Our legal system is losing the battle of specifics. We can’t write specific laws to govern all action successfully. We need a more elegant and complete idea to work from. Any elegant solution ends up being a simple solution. Transparency offers us a simple central theme to work with any system. It fosters awareness in any size system and helps us all resonate at wider levels of identification.
September 4th, 2006
It would help us greatly if we decided to look at others for our similarities instead of for our differences. It is very natural to see someone of different color, or ideas, and focus only on the differences. In this show I discuss some examples of how we focus on the differences, and how things might be different if we were to realize how alike we all really are.
When we come from a place of looking first at differences, we tend to assume that everything about the person is different. If we can realize that we are basically similar, and that the differences are in the details and perspectives, then we would have much less conflict in our lives.
The ways in which we are all similar:
- physical traits
- we all want to prosper
Focusing on differences is very natural. Similarities seem boring. Of course we all breathe. Of course we all feel fear. Not very exciting stuff. But coming into a situation with that literally on our mind helps us to see things in a cooperative way instead of a conflicting way.
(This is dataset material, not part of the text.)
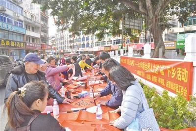 书写送“福” 新春将至,岁寒情暖。1月29日,县委统战部(侨办)联合县侨联、县台联、民盟仙游县工委会等共同开展“侨心向党三春暖,两岸同心共迎春”——2026年侨台界人士送“福”下乡活动,为基层群众书写春联、赠送福字,凝聚两岸亲情,传递新春祝福。 活动当天,由县书法家协会和侨台界书画界人士等组成的服务团队,先后走进龙华镇貂峰村“远峰厝”和枫亭镇汽车站,现场书写并送出春联300余副、“福”字100余张。侨界书画界人士邱瑞华笑着对记者说:“能用笔墨为乡亲们增添年味,把侨胞的祝福带回家,特别有意义。”尽管风一阵阵地狂啸,但市民们的热情丝毫不减,现场热闹而有序,手捧春联前来“沾福气、领春联”的市民纷纷感慨,这手写的春联比买的更有温度,感觉年味儿一下子就浓了。 活动期间,服务团队一行还走访了龙华镇老归侨,耐心倾听乡亲们的生活状况,将带着祝福的春联送到他们手中。 活动不仅营造了欢乐喜庆、文明和谐的迎春氛围,更进一步增进侨台界人士与基层群众的感情交流,展现两岸同胞同根同源、共迎新春的深厚情谊。下一步,我县将继续发挥桥梁纽带作用,开展形式多样、内容丰富的暖侨心、聚侨力活动,共同画好团结奋斗的最大同心圆。 |

What if nations focused on similarities? What if religions did? How might that change our world?
Show Music: A Lesson In Crime by Tokyo Police Club
February 26th, 2006
Consciousness expands from being an infant through different identifications with social groups. The highest level on average is the national level. We identify with our family, our neighborhood, our state, our nation. Why not our world and beyond?
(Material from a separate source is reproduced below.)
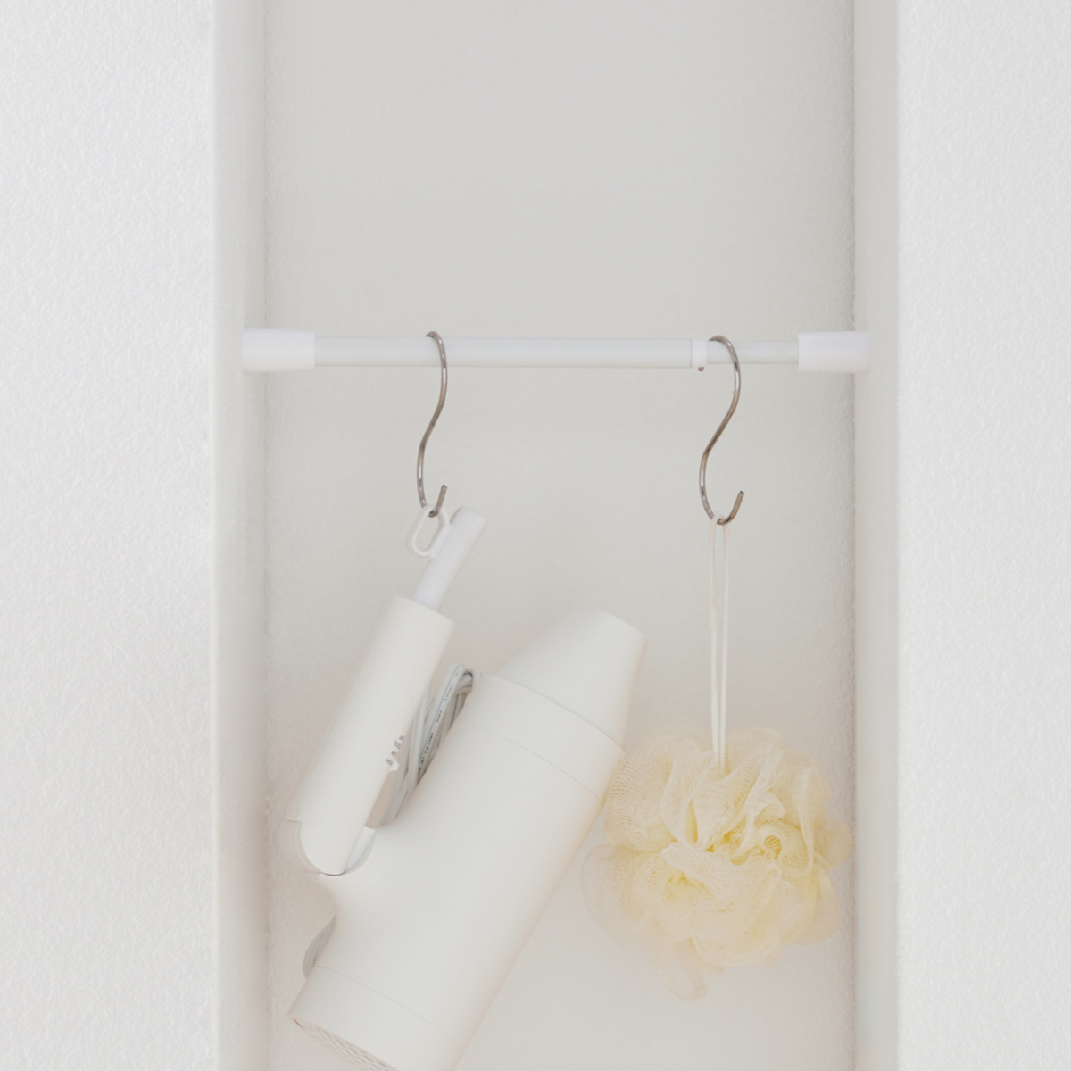 暮らしにフィットするシンプルなつっぱり棒 25〜30cm様々なテイストに馴染むシンプルなつっぱり棒です。マットな質感のホワイトなので落ち着いた雰囲気になっています。お家の中のデットスペースを利用して収納力をアップできるので、クローゼットやキッチン、ランドリーなど様々な場所で大活躍してくれます。

When survival of the team or family depends on loyalty, it is important that we are able to identify with that level. Our survival at this point is becoming more and more dependant on a world view. There are views beyond the world view, but the world view would be the next meaningful level of identification.
At the base of this identification is the ego clinging to an idea about itself. The problem starts when we let that identification get so deep that we make choices that are against our values. Nations that go to war would be potentially the greatest example of this. How does taking human life become so easily justified during war? It does because it falls under the umbrella of protecting a nation. Protecting the idea of “us”. But there is only “us” in a world view. There is no “them”.
Nations often fight because they are lost in value systems that are out of sync. If we were able to widen our level of identification to a world view, we would grow past many, if not all, of our conflicts.
Do we gain anything, or lose anything by identifying with different levels of social structure? Is it better to identify with a neighborhood by being in a gang, or a city by being proud to be from that place, or a nation, or the world? There are less people to fight, less outsiders as we widen our identification.
The next view beyond world view would be a universal view, or a unified view. I only mention this to say that we are not done once we’re at the world view.
We use these levels of identification to grow. We expand as we move from one view of our group to the next wider view. That said, what would change if we, as individuals, started to identify with a world view, instead of a national view?